In comparison to RFLP markers, PCR-based markers require less DNA and facilitate high throughput analysis. Thus, the PCR-based marker has become the main tool for genetic analysis. In recent years, numerous PCR-based markers, referred to as "EST-PCR markers", have been developed by designing primers based on EST sequences. Already more than 700,000 wheat EST sequences have been registered with public databases. Most wheat EST-PCR markers were designed from ESTs that contained a simple sequence repeat (SSR) [17–21], and ESTs with SSRs (excluding monomers) are estimated to represent 6.7% of total wheat UniGenes . In order to develop new EST-PCR markers of wheat, it is necessary to make the best use of the abundant wheat EST resources, specifically the remaining 93.3% of UniGenes.
In allohexaploid wheat, PCR products derived from homoeologous genes are often amplified simultaneously. Additionally, if an EST sequence used for marker design is derived from a gene that has paralogues, the number of amplified products is likely to be magnified in a polyploid plant species such as wheat. Such problems hinder the mapping of EST-PCR markers on chromosomes. Recently, sophisticated methodologies for the development of EST-PCR markers for plants have been reported [22–25]. However, in polyploid species, the production of multiple PCR products is unavoidable even when using these methods. For example, Feltus et al. (2006)  reported that in the development of EST-PCR markers of orphan crops, up to four products derived from alleles at a particular locus were thought to be produced in an autotetraploid line of Cynodon dactylon, and problems were encountered in separating these products. Consequently, when developing EST-PCR markers for wheat, it is essential to eliminate EST sequences derived from paralogous genes and to establish a method to efficiently sort products derived from homoeologous genes.
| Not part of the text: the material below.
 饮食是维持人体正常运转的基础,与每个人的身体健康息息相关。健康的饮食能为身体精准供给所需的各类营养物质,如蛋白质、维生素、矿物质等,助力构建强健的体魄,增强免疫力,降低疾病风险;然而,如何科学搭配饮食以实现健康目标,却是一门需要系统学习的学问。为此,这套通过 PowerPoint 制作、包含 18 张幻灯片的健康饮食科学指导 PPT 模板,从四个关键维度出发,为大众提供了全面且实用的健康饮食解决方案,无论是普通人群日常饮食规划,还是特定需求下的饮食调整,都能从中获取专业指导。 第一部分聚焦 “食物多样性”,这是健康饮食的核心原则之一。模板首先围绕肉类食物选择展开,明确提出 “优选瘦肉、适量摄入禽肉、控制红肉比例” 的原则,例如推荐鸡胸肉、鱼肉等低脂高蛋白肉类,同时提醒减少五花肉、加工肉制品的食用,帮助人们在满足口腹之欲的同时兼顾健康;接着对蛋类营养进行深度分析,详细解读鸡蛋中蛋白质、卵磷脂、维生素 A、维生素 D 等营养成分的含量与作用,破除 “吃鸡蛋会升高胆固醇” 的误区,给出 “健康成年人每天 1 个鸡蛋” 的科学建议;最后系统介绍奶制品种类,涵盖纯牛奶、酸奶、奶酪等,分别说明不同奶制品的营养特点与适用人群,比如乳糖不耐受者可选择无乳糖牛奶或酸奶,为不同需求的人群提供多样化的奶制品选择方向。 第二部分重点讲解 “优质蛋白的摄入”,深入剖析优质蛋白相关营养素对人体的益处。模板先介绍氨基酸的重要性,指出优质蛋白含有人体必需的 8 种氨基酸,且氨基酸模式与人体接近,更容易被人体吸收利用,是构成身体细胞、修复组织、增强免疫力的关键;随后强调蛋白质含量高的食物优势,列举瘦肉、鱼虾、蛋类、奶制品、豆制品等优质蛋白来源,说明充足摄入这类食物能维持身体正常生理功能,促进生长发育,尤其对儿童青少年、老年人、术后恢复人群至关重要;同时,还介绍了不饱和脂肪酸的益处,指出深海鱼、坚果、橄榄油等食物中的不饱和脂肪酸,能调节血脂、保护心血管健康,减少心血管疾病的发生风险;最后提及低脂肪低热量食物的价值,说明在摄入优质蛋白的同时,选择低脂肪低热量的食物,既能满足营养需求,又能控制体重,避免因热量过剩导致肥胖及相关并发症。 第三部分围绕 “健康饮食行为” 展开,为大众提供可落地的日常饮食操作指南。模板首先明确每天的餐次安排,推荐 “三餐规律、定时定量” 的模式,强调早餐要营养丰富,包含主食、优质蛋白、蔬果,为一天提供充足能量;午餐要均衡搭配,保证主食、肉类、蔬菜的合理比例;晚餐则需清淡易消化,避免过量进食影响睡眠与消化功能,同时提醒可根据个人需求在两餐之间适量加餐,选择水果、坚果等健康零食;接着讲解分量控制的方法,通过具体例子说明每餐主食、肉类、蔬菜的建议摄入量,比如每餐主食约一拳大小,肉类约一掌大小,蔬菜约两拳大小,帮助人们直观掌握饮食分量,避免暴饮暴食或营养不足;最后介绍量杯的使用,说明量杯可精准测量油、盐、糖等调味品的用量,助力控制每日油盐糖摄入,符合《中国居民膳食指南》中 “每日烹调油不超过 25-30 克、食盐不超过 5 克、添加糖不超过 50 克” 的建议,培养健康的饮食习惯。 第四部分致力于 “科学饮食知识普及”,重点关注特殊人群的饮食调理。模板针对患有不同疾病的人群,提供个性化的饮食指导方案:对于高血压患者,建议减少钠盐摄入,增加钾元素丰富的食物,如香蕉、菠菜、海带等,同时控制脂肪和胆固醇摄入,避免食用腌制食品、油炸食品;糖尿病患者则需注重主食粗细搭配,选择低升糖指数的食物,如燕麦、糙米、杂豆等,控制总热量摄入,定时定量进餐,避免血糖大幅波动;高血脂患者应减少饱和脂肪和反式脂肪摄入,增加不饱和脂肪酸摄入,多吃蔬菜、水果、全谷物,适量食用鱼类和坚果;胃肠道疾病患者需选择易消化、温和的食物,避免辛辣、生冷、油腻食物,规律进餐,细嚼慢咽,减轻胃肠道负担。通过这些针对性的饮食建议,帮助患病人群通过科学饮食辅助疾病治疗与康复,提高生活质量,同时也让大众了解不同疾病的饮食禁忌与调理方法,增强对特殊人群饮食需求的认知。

Although high degrees of similarity are found among wheat homoeologous genes, intron regions have a greater degree of polymorphism in terms of insertions/deletions and base substitutions than do exon regions . Correspondingly, in the seven sets of wheat genes for which the genomic sequences of the three homoeologous genes are known (Wx ; TaHd1 ; TaDFR ; wMAD2 ; Vrn-1 ; Wknox1 ; wSSII ), insertions/deletions and base substitutions are more common within intron than within exon sequences (Figure 1). Therefore, if PCR products incorporate intron regions, it may be possible to separate products derived from homoeologous genes using a simple technique such as agarose gel electrophoresis.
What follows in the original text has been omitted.